(Stored entries)
= = = = = = =

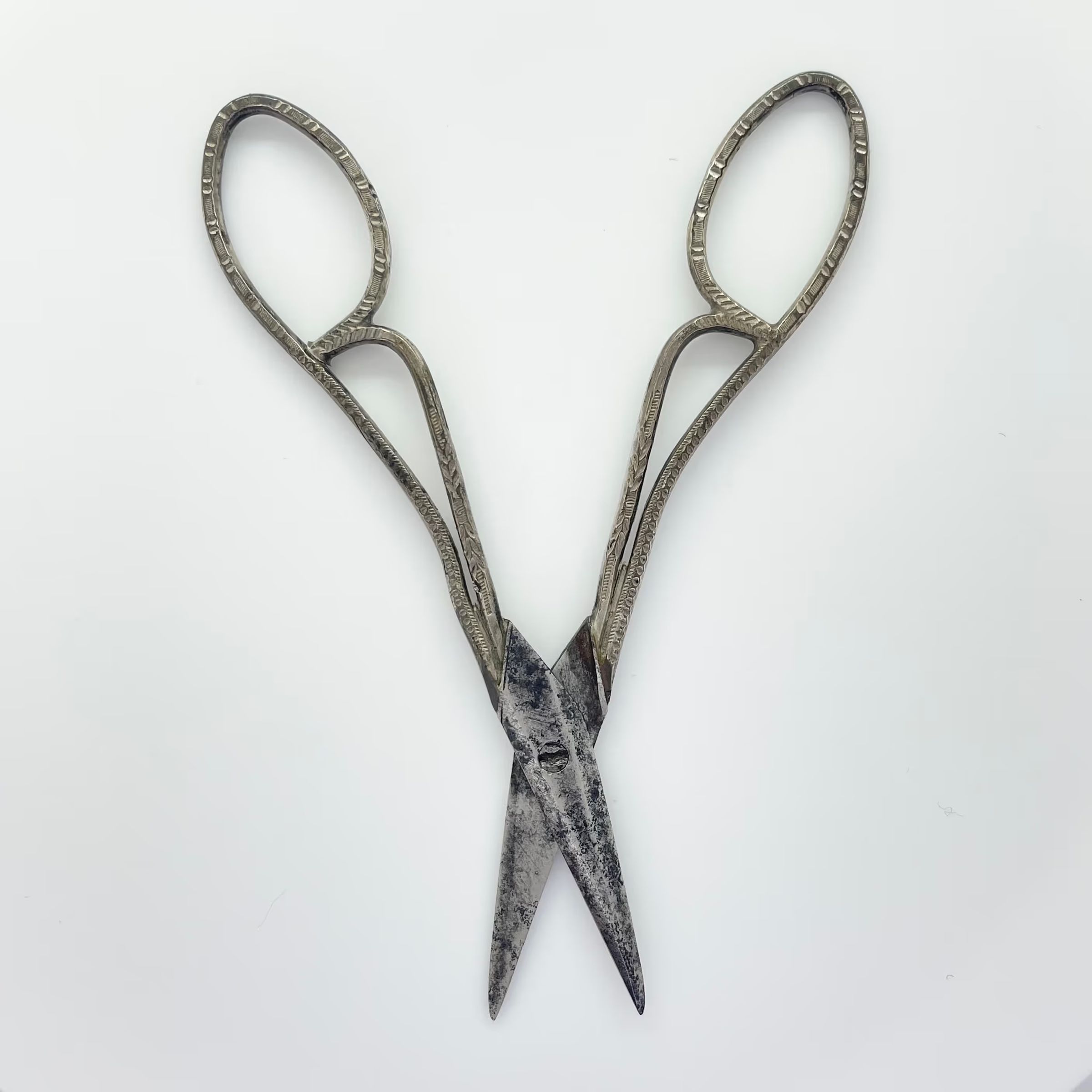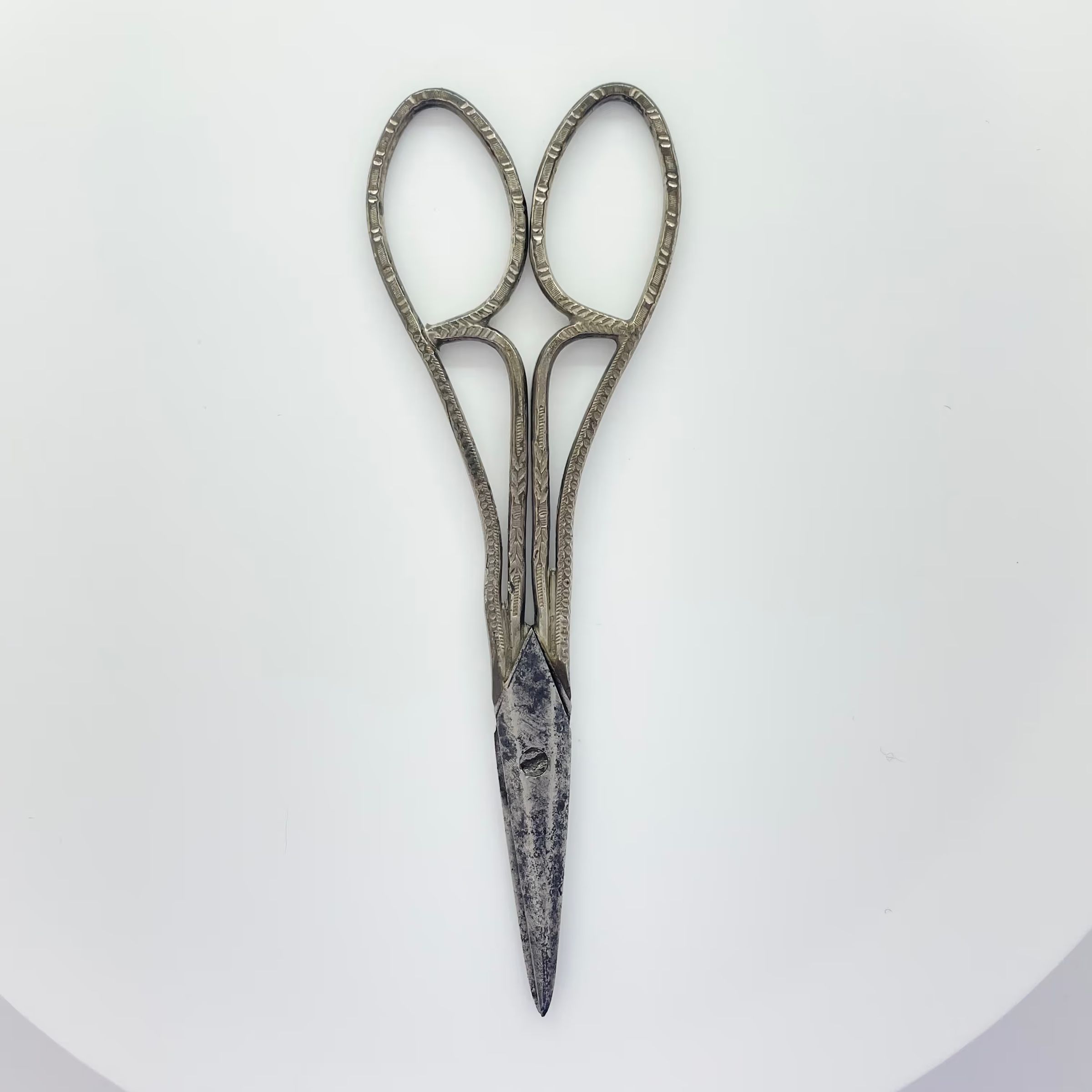 A pair of scissors with file cut, open shanks. There is no shoulder transition, cross section is cs5, and the blade is bodkin.Dimensions
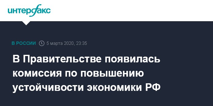 "Правительственная комиссия по повышению устойчивости российской экономики образована постановлением правительства от 5 марта 2020 года №236 для осуществления координации деятельности органов исполнительной власти и взаимодействия с представителями научных и общественных организаций, предпринимательским сообществом при разработке и реализации мероприятий, направленных на повышение устойчивости развития финансового сектора и отдельных отраслей экономики, в том числе связанных с распространением коронавирусной инфекции", - говорится в сообщении.
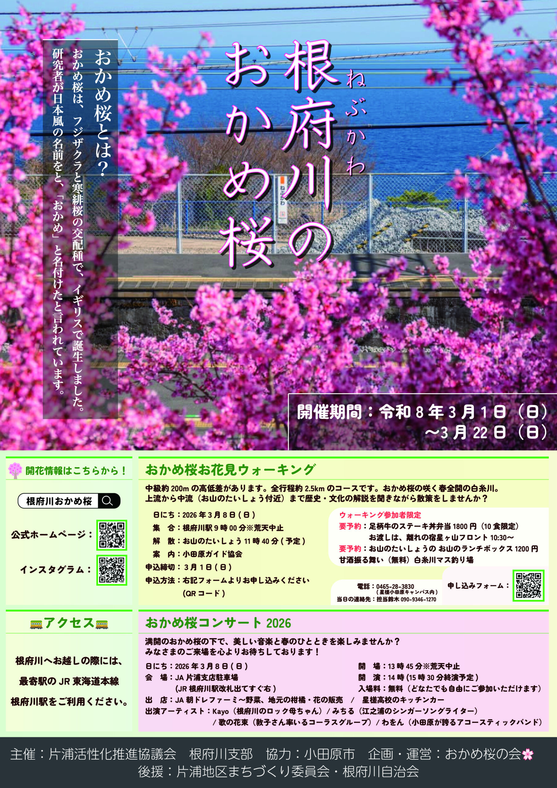 協力:小田原市 企画・運営:おかめ桜の会🌸 後援:片浦地区まちづくり委員会・根府川自治会
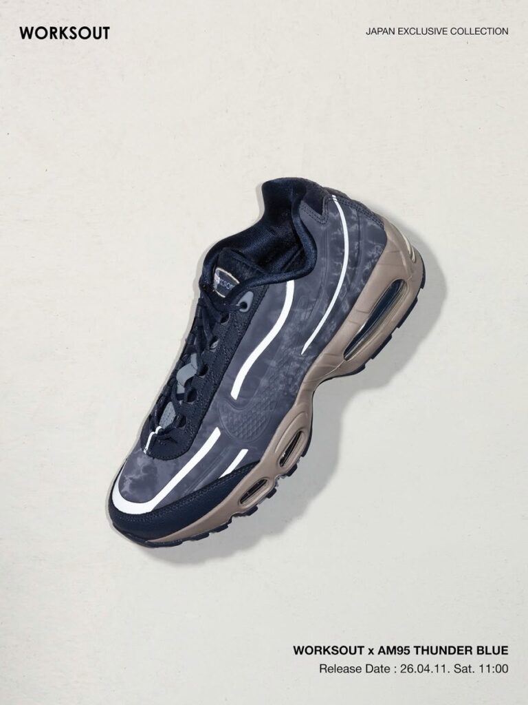 2003年に設立された韓国・ソウルのセレクトショップ『WORKSOUT(ワークスアウト)』と「Nike(ナイキ)」によるコラボスニーカー Air Max 95 SP “Thunder Blue”が、現地時間2025年9月6日より韓国・ソウルで限定発売。国内では日本初となる青山路面店『WORKSOUT AOYAMA』のオープン日である2026年4月11日(土)に発売される。
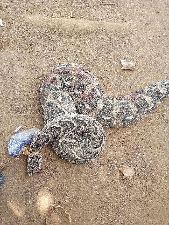 - "The scene is captured at Oduma Hill, Nigeria, displaying an overhead view of a deceased or incapacitated large snake resting on dry, sandy-brown earth" by FM-kquCH2, licensed under CC BY 4.0
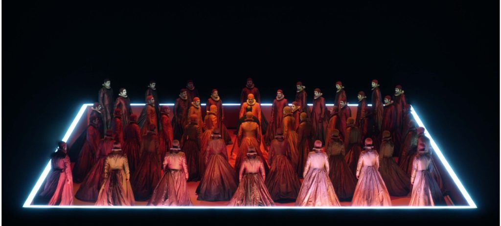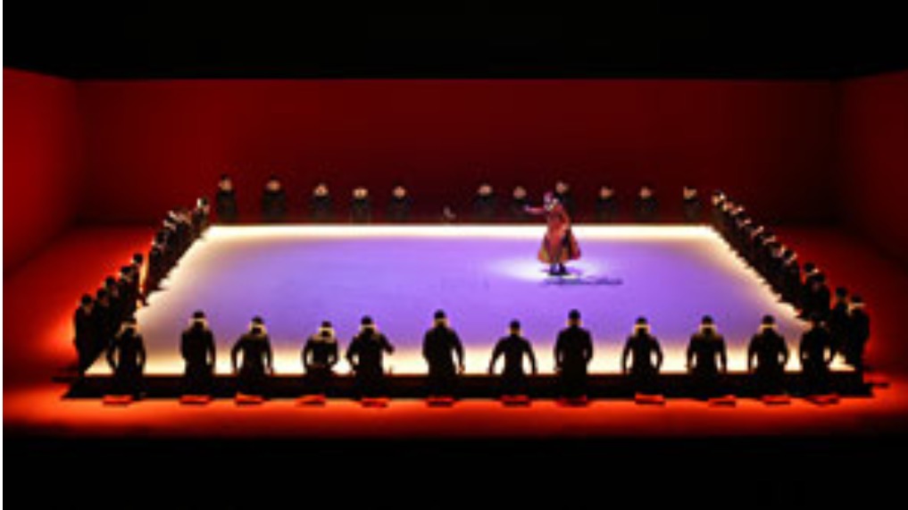 Pude ver la producción hace 8 años en Madrid y me pareció un trabajo minimalista, dominado por una gran plataforma, movida hidráulicamente, y una gran escalera en la casa de Rigoletto. La producción entonces no me convenció, llamando la atención la labor del coro como testigo mudo, como si de una tragedia griega se tratara.
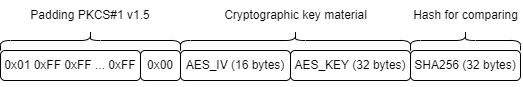 - Padding (PKCS#1 v1.5): Блок начинается со стандартного заголовка 0x00 0x01, за которым следуют байты заполнения 0xFF и нулевой байт-разделитель 0x00.
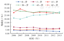 非机动车道路交通伤害病例以男性为主,2006-2013年因非机动车道路交通伤害病例的性别比分别为1.29、1.30、1.32、1.32、1.43、1.44、1.35和1.39,就诊病例多集中在15~64岁年龄组(图4)。
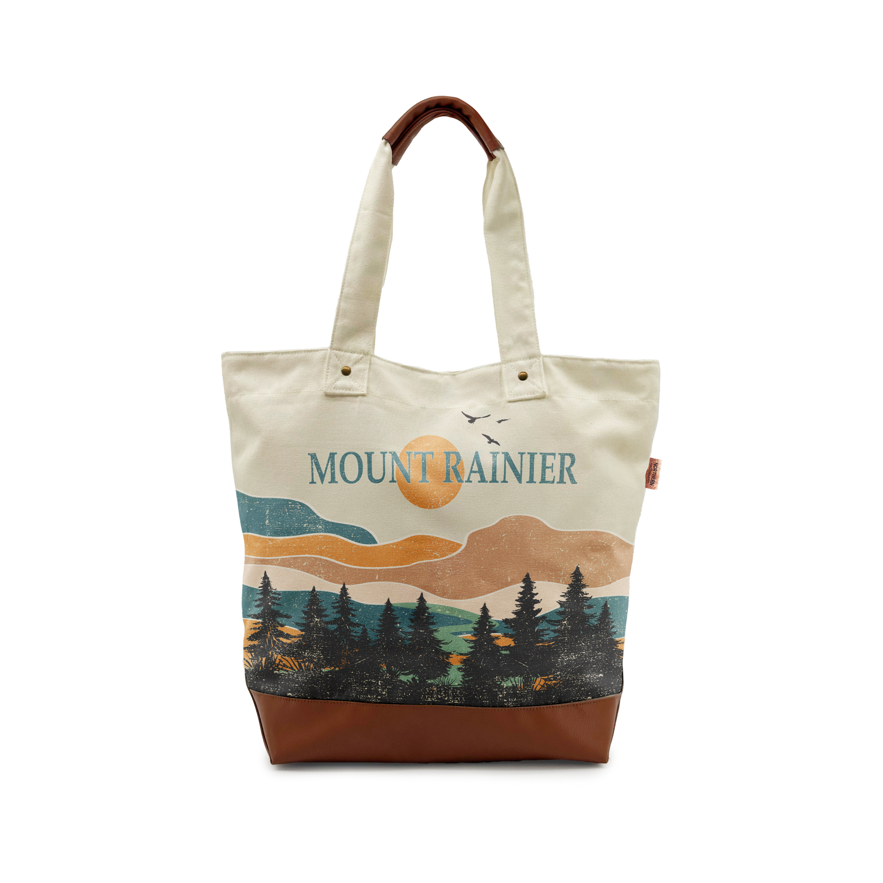 Inspired by the breathtaking views of Mount Rainier National Park, this tote captures the serene beauty of the Pacific Northwest. With a design featuring rolling hills, soaring birds, and a tranquil sunset behind evergreen forests, it reflects the iconic landscapes that make Mount Rainier a dream destination for outdoor enthusiasts. Whether you've hiked its trails or simply admire its natural wonder, this bag brings a piece of Rainier's magic into your everyday life.

= = = = = = =

■ YOUR ASSIGNMENT
In the records above, locate the line containing "under CC BY 4.0", then copy exactly that line and every line after it through the end, omitting pictures.

■ ANSWER TO THE EXERCISE
 - "The scene is captured at Oduma Hill, Nigeria, displaying an overhead view of a deceased or incapacitated large snake resting on dry, sandy-brown earth" by FM-kquCH2, licensed under CC BY 4.0
 Pude ver la producción hace 8 años en Madrid y me pareció un trabajo minimalista, dominado por una gran plataforma, movida hidráulicamente, y una gran escalera en la casa de Rigoletto. La producción entonces no me convenció, llamando la atención la labor del coro como testigo mudo, como si de una tragedia griega se tratara.
 - Padding (PKCS#1 v1.5): Блок начинается со стандартного заголовка 0x00 0x01, за которым следуют байты заполнения 0xFF и нулевой байт-разделитель 0x00.
 非机动车道路交通伤害病例以男性为主,2006-2013年因非机动车道路交通伤害病例的性别比分别为1.29、1.30、1.32、1.32、1.43、1.44、1.35和1.39,就诊病例多集中在15~64岁年龄组(图4)。
 Inspired by the breathtaking views of Mount Rainier National Park, this tote captures the serene beauty of the Pacific Northwest. With a design featuring rolling hills, soaring birds, and a tranquil sunset behind evergreen forests, it reflects the iconic landscapes that make Mount Rainier a dream destination for outdoor enthusiasts. Whether you've hiked its trails or simply admire its natural wonder, this bag brings a piece of Rainier's magic into your everyday life.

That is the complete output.